**DATA EXCERPTS**:
○ ○ ○ ○ ○ ○ ○

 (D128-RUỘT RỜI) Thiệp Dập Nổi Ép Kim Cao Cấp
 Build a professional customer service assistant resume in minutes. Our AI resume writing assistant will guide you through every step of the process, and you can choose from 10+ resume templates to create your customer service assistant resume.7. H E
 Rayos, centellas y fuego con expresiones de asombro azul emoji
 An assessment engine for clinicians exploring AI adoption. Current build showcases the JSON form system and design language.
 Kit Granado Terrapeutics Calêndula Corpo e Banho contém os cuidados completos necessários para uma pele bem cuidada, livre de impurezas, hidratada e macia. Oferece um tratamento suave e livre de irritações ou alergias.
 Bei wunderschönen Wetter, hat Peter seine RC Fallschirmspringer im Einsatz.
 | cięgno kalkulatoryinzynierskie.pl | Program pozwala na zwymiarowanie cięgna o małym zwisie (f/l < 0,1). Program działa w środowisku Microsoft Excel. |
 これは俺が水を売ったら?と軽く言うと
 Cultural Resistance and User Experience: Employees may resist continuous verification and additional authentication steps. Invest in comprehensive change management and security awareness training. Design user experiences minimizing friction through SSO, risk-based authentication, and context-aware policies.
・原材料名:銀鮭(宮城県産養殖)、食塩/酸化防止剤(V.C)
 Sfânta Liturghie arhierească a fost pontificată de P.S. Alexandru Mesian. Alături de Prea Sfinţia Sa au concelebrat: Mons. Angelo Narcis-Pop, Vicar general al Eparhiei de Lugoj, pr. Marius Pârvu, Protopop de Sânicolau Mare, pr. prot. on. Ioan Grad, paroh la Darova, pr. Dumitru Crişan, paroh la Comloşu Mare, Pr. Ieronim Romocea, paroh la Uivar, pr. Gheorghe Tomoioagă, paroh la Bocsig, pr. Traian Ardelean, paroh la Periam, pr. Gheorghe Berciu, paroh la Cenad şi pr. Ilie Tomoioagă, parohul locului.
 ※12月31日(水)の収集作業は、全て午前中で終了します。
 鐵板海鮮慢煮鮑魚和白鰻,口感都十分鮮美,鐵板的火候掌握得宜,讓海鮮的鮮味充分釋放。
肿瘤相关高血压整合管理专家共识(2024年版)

○ ○ ○ ○ ○ ○ ○

**PROBLEM TO SOLVE**: Reprint the complete listing exactly.

**TASK RESULT**:
 (D128-RUỘT RỜI) Thiệp Dập Nổi Ép Kim Cao Cấp
 Build a professional customer service assistant resume in minutes. Our AI resume writing assistant will guide you through every step of the process, and you can choose from 10+ resume templates to create your customer service assistant resume.7. H E
 Rayos, centellas y fuego con expresiones de asombro azul emoji
 An assessment engine for clinicians exploring AI adoption. Current build showcases the JSON form system and design language.
 Kit Granado Terrapeutics Calêndula Corpo e Banho contém os cuidados completos necessários para uma pele bem cuidada, livre de impurezas, hidratada e macia. Oferece um tratamento suave e livre de irritações ou alergias.
 Bei wunderschönen Wetter, hat Peter seine RC Fallschirmspringer im Einsatz.
 | cięgno kalkulatoryinzynierskie.pl | Program pozwala na zwymiarowanie cięgna o małym zwisie (f/l < 0,1). Program działa w środowisku Microsoft Excel. |
 これは俺が水を売ったら?と軽く言うと
 Cultural Resistance and User Experience: Employees may resist continuous verification and additional authentication steps. Invest in comprehensive change management and security awareness training. Design user experiences minimizing friction through SSO, risk-based authentication, and context-aware policies.
・原材料名:銀鮭(宮城県産養殖)、食塩/酸化防止剤(V.C)
 Sfânta Liturghie arhierească a fost pontificată de P.S. Alexandru Mesian. Alături de Prea Sfinţia Sa au concelebrat: Mons. Angelo Narcis-Pop, Vicar general al Eparhiei de Lugoj, pr. Marius Pârvu, Protopop de Sânicolau Mare, pr. prot. on. Ioan Grad, paroh la Darova, pr. Dumitru Crişan, paroh la Comloşu Mare, Pr. Ieronim Romocea, paroh la Uivar, pr. Gheorghe Tomoioagă, paroh la Bocsig, pr. Traian Ardelean, paroh la Periam, pr. Gheorghe Berciu, paroh la Cenad şi pr. Ilie Tomoioagă, parohul locului.
 ※12月31日(水)の収集作業は、全て午前中で終了します。
 鐵板海鮮慢煮鮑魚和白鰻,口感都十分鮮美,鐵板的火候掌握得宜,讓海鮮的鮮味充分釋放。
肿瘤相关高血压整合管理专家共识(2024年版)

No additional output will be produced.